Basically, the format remains the same, except some students complete their virtual school day in the school building. Being in the building requires a lot of precautions — understandably! — but those precautions remove nearly all the benefits and accommodations we’ve developed for at-home virtual learning.

I want my “normal” work day back as much as anyone, but as soon as I stopped to think about what this in-person school day would actually feel like for my kid, I knew it would be toture.
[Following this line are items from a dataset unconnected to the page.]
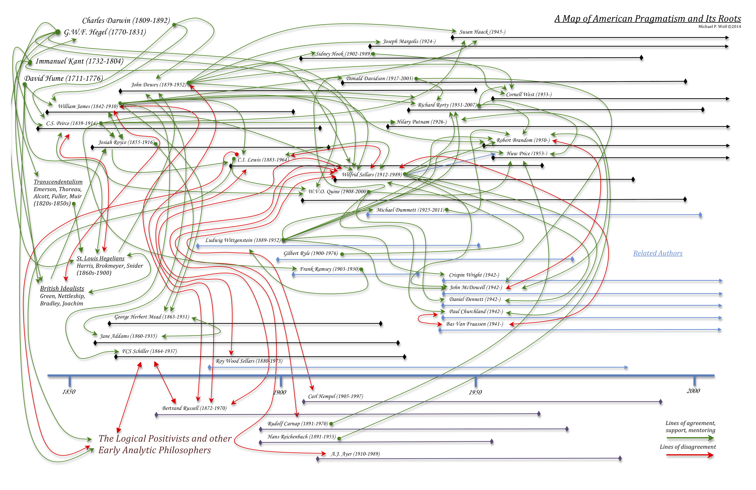 Below is a map of authors in the pragmatist tradition, with a lot of major authors, scientists and activists. The intent here was initially to create something that my student might use as a resource to think about how some big debates unfolded. Where one person contributed favorably to another’s work, a green line connects them. Where one author tended to clash with another, a red line connects them. The connections there are about the predominance of support/agreement or disagreement between the authors. If we were being totally honest, every author should be connected to every other by a variegated braid with more colors than your monitor would support, of course. This simply suggests predominant patterns on stuff for which we would remember their work.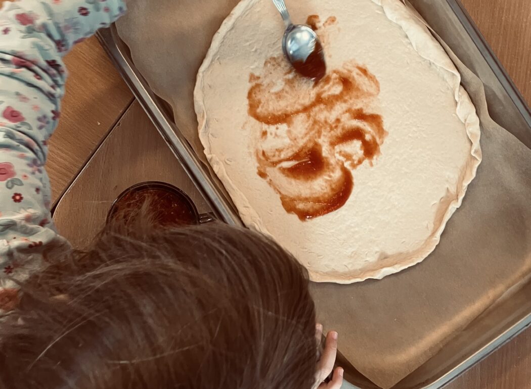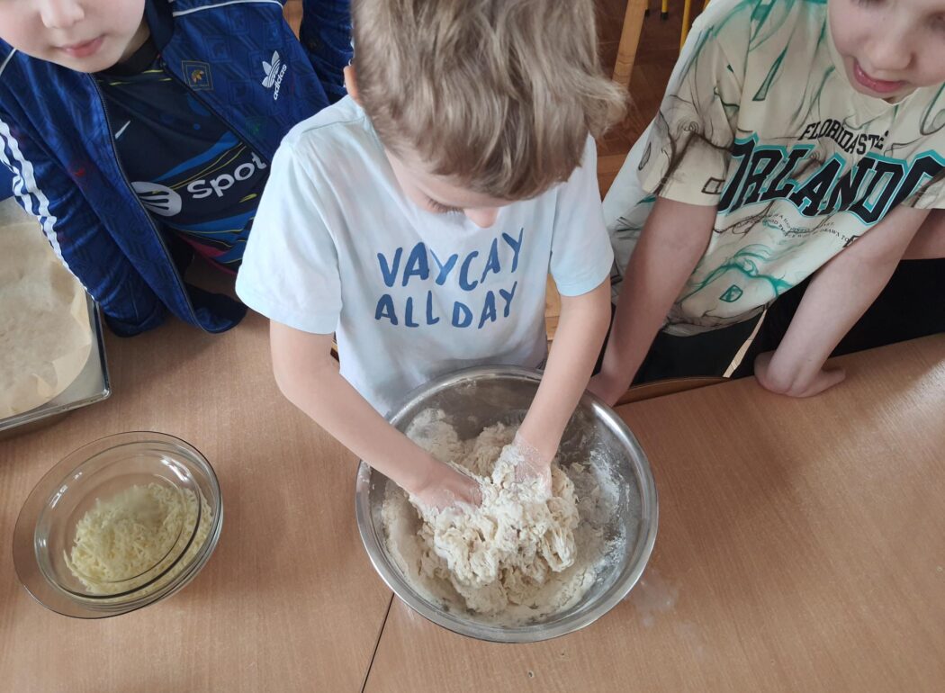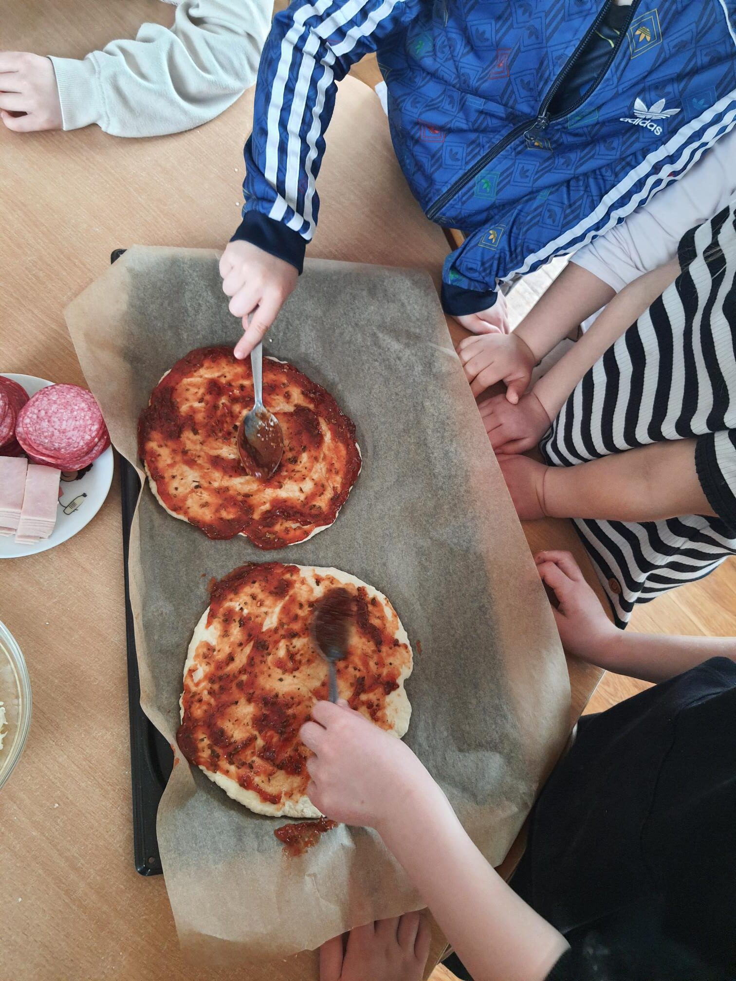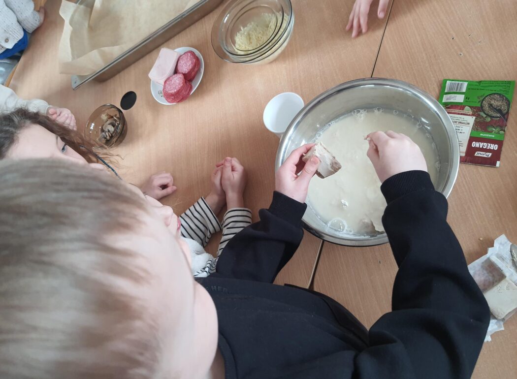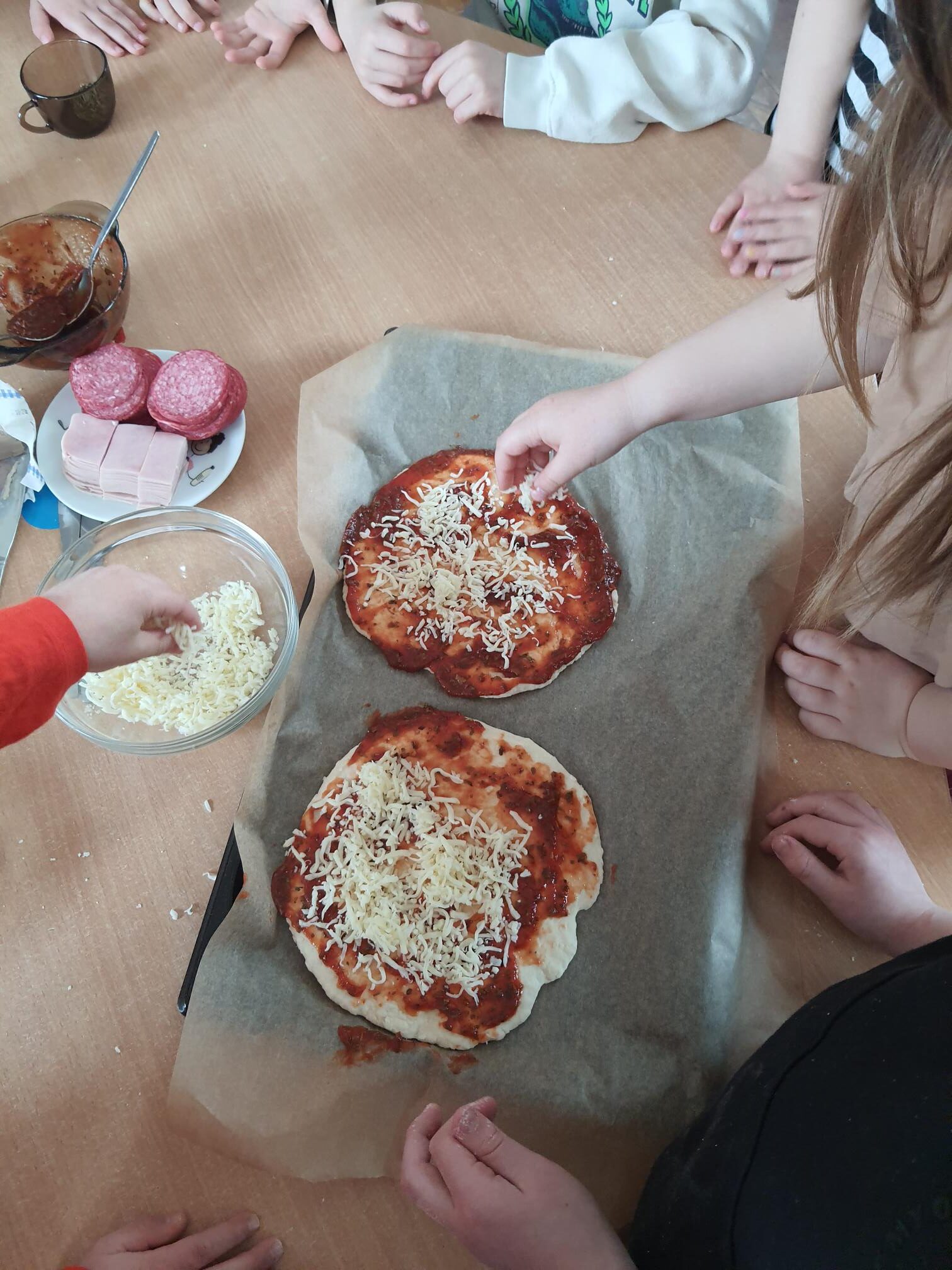 Zajęcia kulinarne u nas, to kreatywne warsztaty, podczas których samodzielnie wyrobiliśmy ciasto, smarowaliśmy je sosem i komponowaliśmy pizze z ulubionych składników (ser, szynka, pieczarki, pomidor, papryka, salami). Zajęcia nauczyły nas współpracy i zakończyły się ucztą. Kuchcikowo, to idealne połączenie zabawy sensorycznej z edukacją żywieniową. Po pizzy nie został nawet ślad, zniknęła błyskawicznie.
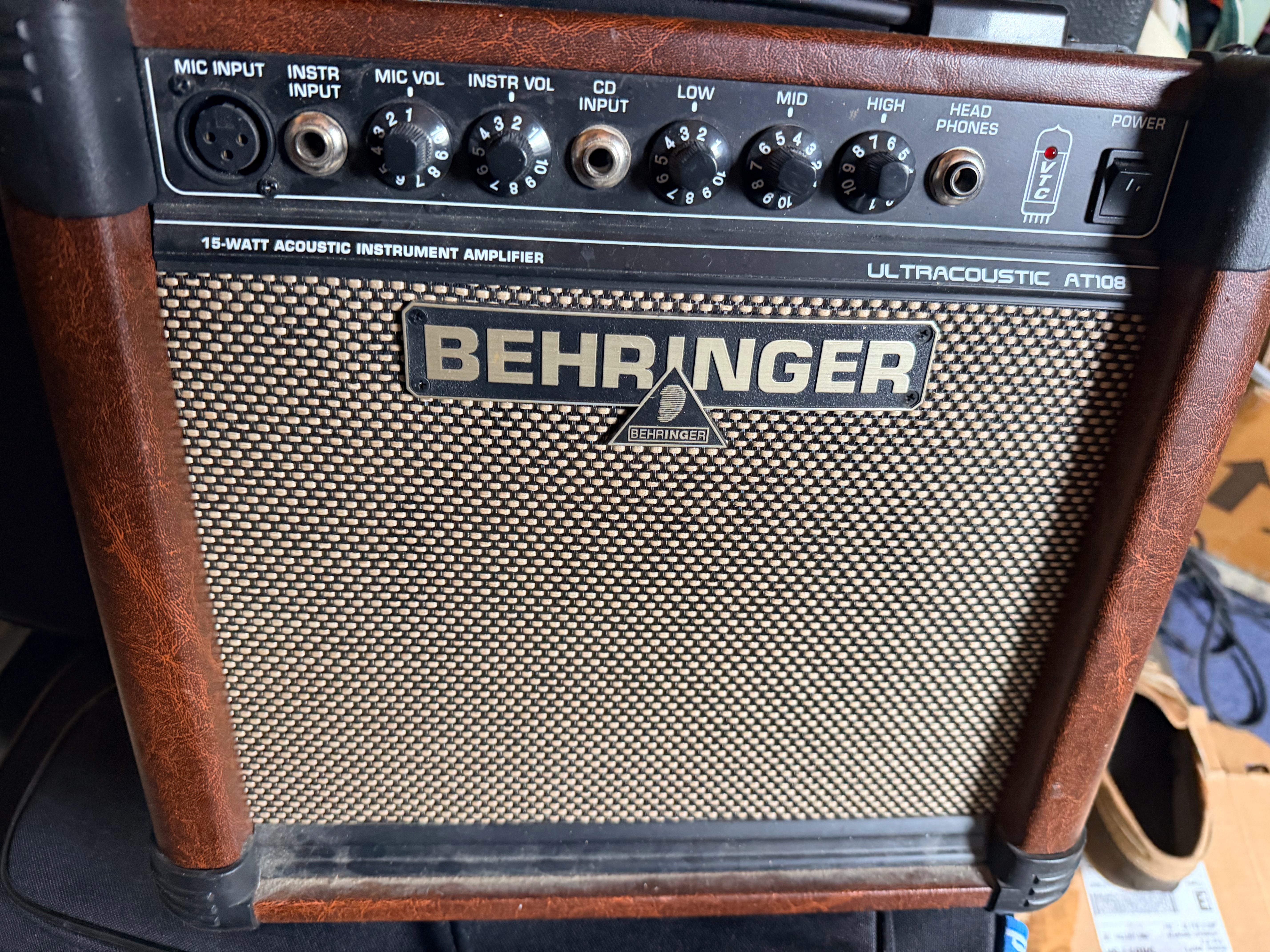A compact 15-watt acoustic amp with mic and instrument inputs — simple and practical for small spaces.

This isn’t ideal, but ideal doesn’t exist right now

Many kids need to return in-person because virtual learning flat-out isn’t working. We’re fortunate to be able to provide our child with structure, supervision, outdoor social time with neighborhood friends, regular meals, a safe environment, broadband internet access, ADHD-specific guidance, and a nice laptop with free tech support from parents who are both IT professionals. Thanks to all these privileges, he has avoided the extreme mental-health distress and learning loss many children have experienced.

And I hesitate to rock that boat. Yes, I want in-person school to start again (SAFELY). I also don’t want to jump on the train just because it’s there.

For now, for our little ADHD family, virtual learning provides the accommodations and consistency we need. Disrupting our routine for two days every week, to put our kiddo into an environment he already knows won’t work for him, isn’t worth it.

Have you had to face this choice, too? How did you handle it?